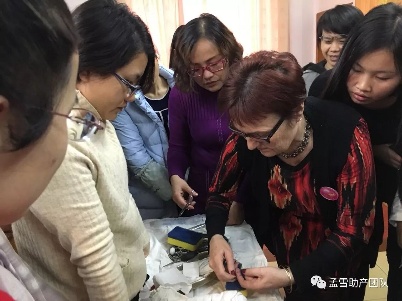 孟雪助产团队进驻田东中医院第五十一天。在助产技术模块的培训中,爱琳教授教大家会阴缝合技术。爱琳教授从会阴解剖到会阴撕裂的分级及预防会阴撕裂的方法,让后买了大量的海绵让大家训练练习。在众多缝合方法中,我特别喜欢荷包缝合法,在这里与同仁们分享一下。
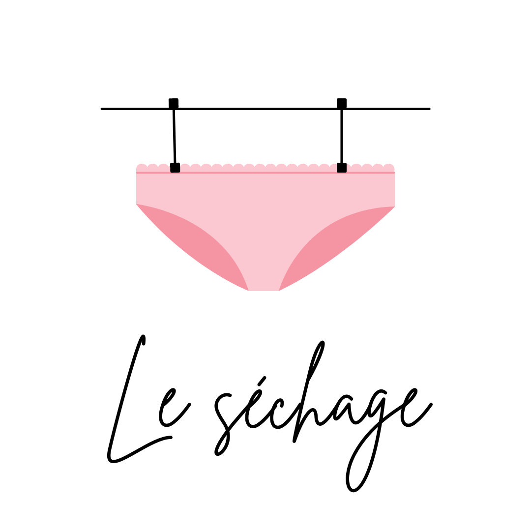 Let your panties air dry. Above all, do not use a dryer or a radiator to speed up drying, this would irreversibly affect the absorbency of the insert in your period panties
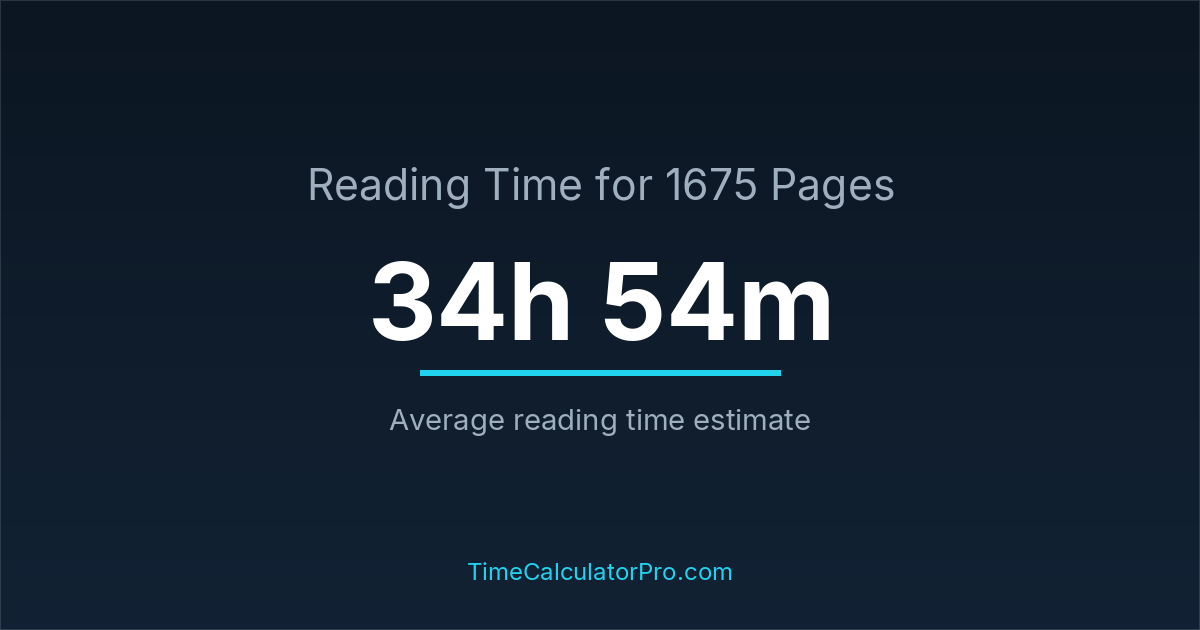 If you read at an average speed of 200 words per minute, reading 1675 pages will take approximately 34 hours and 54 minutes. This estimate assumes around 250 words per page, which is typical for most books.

==

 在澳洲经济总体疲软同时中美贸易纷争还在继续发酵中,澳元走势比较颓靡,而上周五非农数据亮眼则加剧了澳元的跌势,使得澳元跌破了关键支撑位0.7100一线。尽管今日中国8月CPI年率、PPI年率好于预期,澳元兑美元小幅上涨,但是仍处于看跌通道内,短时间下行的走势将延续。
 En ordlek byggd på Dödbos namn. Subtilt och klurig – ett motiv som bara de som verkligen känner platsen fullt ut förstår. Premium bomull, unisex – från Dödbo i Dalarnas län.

* * *

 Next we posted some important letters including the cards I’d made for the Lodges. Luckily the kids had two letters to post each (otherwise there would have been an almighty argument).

* **ACTIVITY**: Among the entries above, take the line with "孟雪助产团队进驻田东中医院第", the line with "Let your panties", and all the lines between them, and restate them word for word without pictures.

* **EXPECTED ANSWER**:
 孟雪助产团队进驻田东中医院第五十一天。在助产技术模块的培训中,爱琳教授教大家会阴缝合技术。爱琳教授从会阴解剖到会阴撕裂的分级及预防会阴撕裂的方法,让后买了大量的海绵让大家训练练习。在众多缝合方法中,我特别喜欢荷包缝合法,在这里与同仁们分享一下。
 Let your panties air dry. Above all, do not use a dryer or a radiator to speed up drying, this would irreversibly affect the absorbency of the insert in your period panties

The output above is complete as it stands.